Editor:

Now that the new school year has started, I want to comment on the very early time that high schools in Rio Rancho start classes.

At Cleveland High School, instruction starts at 7:20 a.m. I would like to explain why this is different than showing up for work at an early time the way adults often do.

Any research you may do will overwhelmingly show that the optimum start time for high schools is 8:30. It is not that teenagers stay up too late, but rather that the typical teenager’s brain starts melatonin production around 11 at night and doesn’t finish that process until about 6 a.m. If a student has to get up when an adult does, 5 a.m. or earlier, they will not be able to function properly in a learning environment.

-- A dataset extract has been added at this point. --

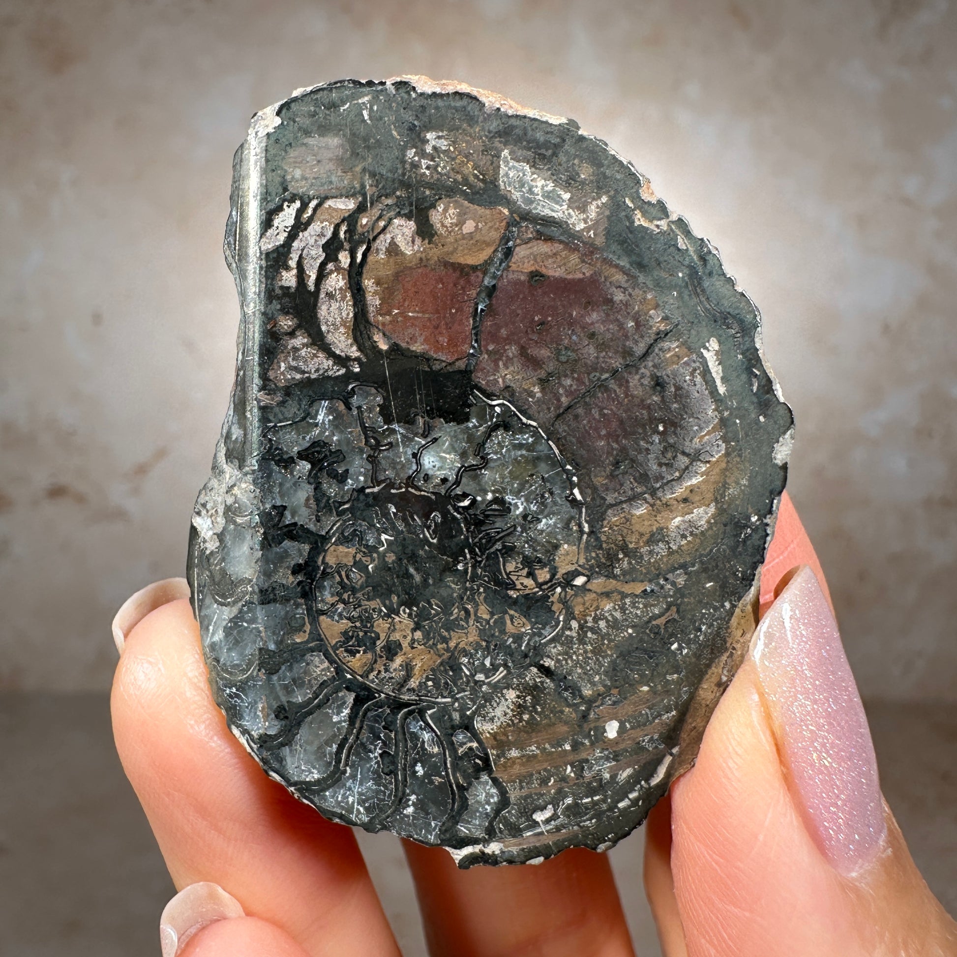 This ammonite lived about 190 Million years ago, during the lower Jurassic period, in the Pliensbachian stage. The Earth was experiencing warm and humid sub-tropical conditions, including rising sea levels, lush green vegetation was flourishing and these ancient marine mollusks were thriving in the warm seawater. It's believed the same event that caused the mass extinction of the dinosaurs, also wiped out the ammonites.
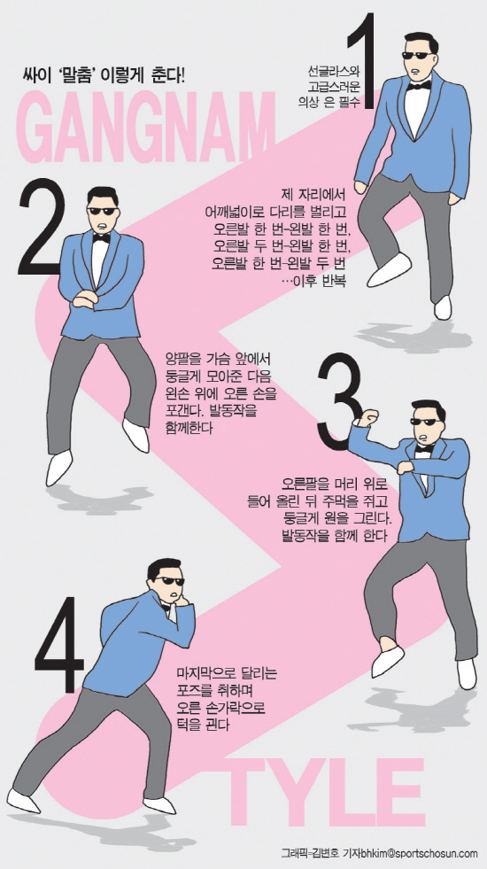 팔동작은 양팔을 가슴 앞에서 둥글게 모아준 다음 왼손 위에 오른 손을 포갠다. 주먹은 가볍게 쥔다. 이 상태로 발동작을 함께 곁들이면 '말춤' 1단계가 완성된다. 말을 타듯 춤을 췄다면, '카우보이 버전'을 연습할 수 있다. 오른팔을 머리 위로 들어 올린 뒤 주먹을 쥐고 둥글게 원을 그리며 발동작을 함께 하는 방법이다. 여기에 "의상은 고급스럽게, 춤은 싼티나게 추는 것이 포인트"라는 싸이의 설명처럼 선글라스와 고급스러운 의상을 장착하면 '말춤' 마스터가 될 수 있다.

Earlier this year the governor and legislature approved pay raises for teachers across New Mexico, but this does nothing to help them have mentally alert students interested in learning. Other states have paid for later start times and the reward has been more interested students, better performance from those students, even in athletics, and higher graduation rates.

Why would the legislature approve pay raises for teachers but do nothing to help those teachers with the mental alertness of the students learning from them?

My suggestion is to pay for the cost of putting the state school system on a mandated start time of no earlier than 8:30 as a five-year experiment, to see the change in student performance. This is a huge opportunity to move New Mexico up the ranks in education, by reducing dropout rates, increasing excellence in performance and graduation rates.

I would like to know how other parents feel about this idea. How do New Mexico’s Public Education secretary and others feel about the feasibility and benefits of implementing this idea? It would be interesting to hear others write about this in the Rio Rancho Observer, especially in support of financing this great idea.